Gwaine rubbed his hands over Percy's massive arms. "I love your cakes."

"Gwaine, be serious," Percy growled, his face troubled. He let go, stepping back, staring at Gwaine as if he didn't know what to do. "What if I'm kicked off in the first round? What if my cakes don't rise or they're lop-sided or—?"

Pulling him down for a hard kiss, then standing back and smacking his own stomach which, truth be told, had grown a bit since he'd moved in with Percy, Gwaine said, "You'll be brilliant. Do you think I'd eat just any cake?" Percival opened his mouth to protest, but Gwaine cut him off. "All right, yes, I do like cake but yours is mouth-watering good. I can't work out fast enough to keep up with how tempting your cakes are. You think I would let just anyone mess with this once well-toned body?"
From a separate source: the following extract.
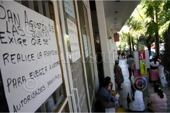 OAXACA, OAXACA. 09ENERO2007.- Habitantes de san Agustín de las juntas, bloquearon este medio día las instalaciones del IEE (instituto estatal electoral) donde exigen el respeto a sus usos y costumbres para definir a sus autoridades municipales. FOTO: MAX NUÑEZ/CUARTOSCURO.COM
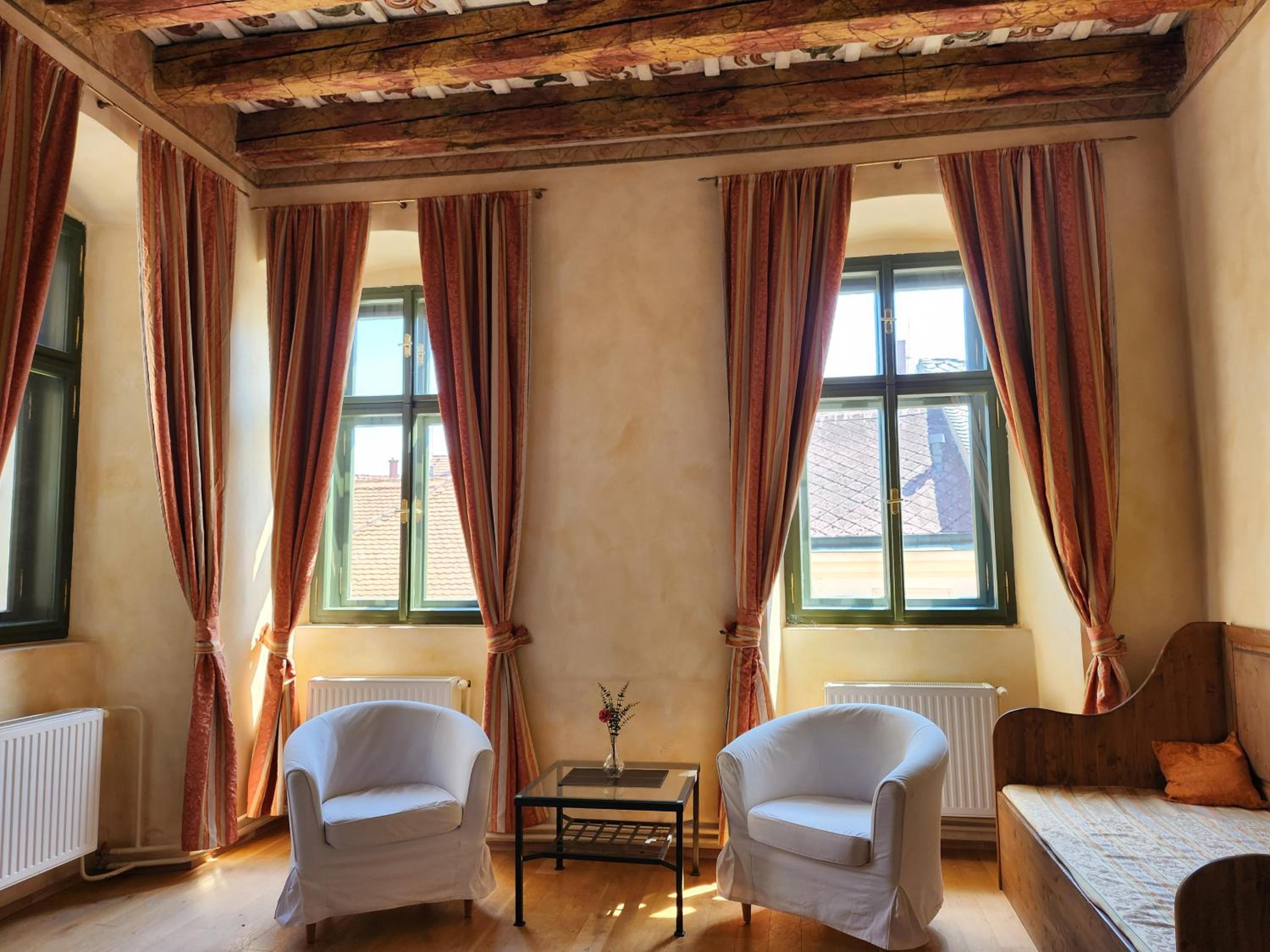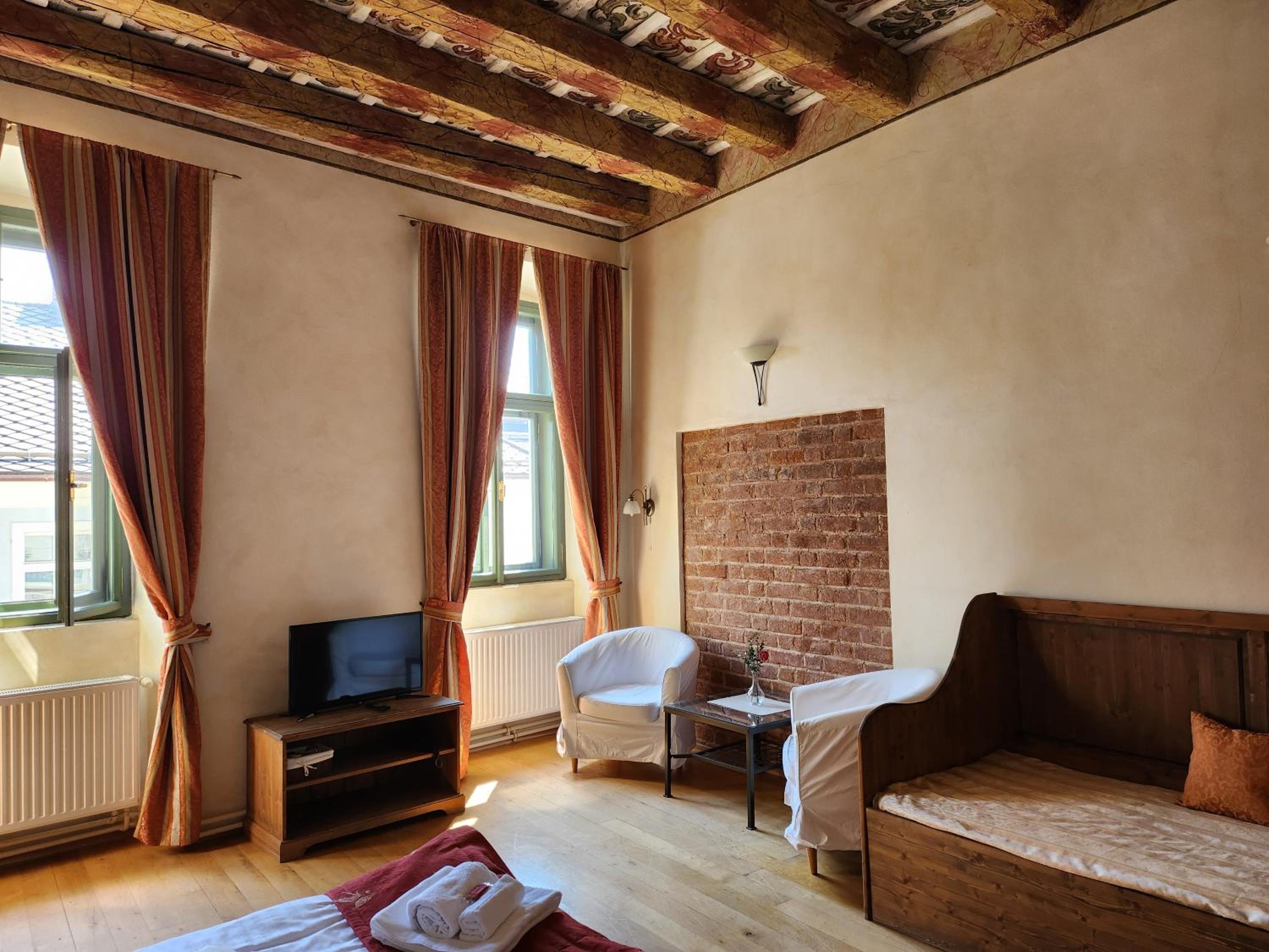 Wspaniała atmosfera średniowiecznej kamienicy. Interesujący widok na wieże kościołów.

"Gwaine, be serious," Percy said. "Do you think I'm good enough?"

"The producers thought you were, and I know you are," Gwaine said, grinning up at his big bad boy. "Now, I have a few exotic ingredients upstairs just waiting to be used so how about we go get them and try them out?"

"Gwaine, I am not using chili lube in my cakes," Percival said, his face stern.

Gwaine waggled his eyebrows, then nodded towards the stairs. "Who said anything about cakes?"

Percy grinned.


And months later, Gwaine so very proud of him, Percival won with his chili-infused, apple crumble cake. It was very, very moist.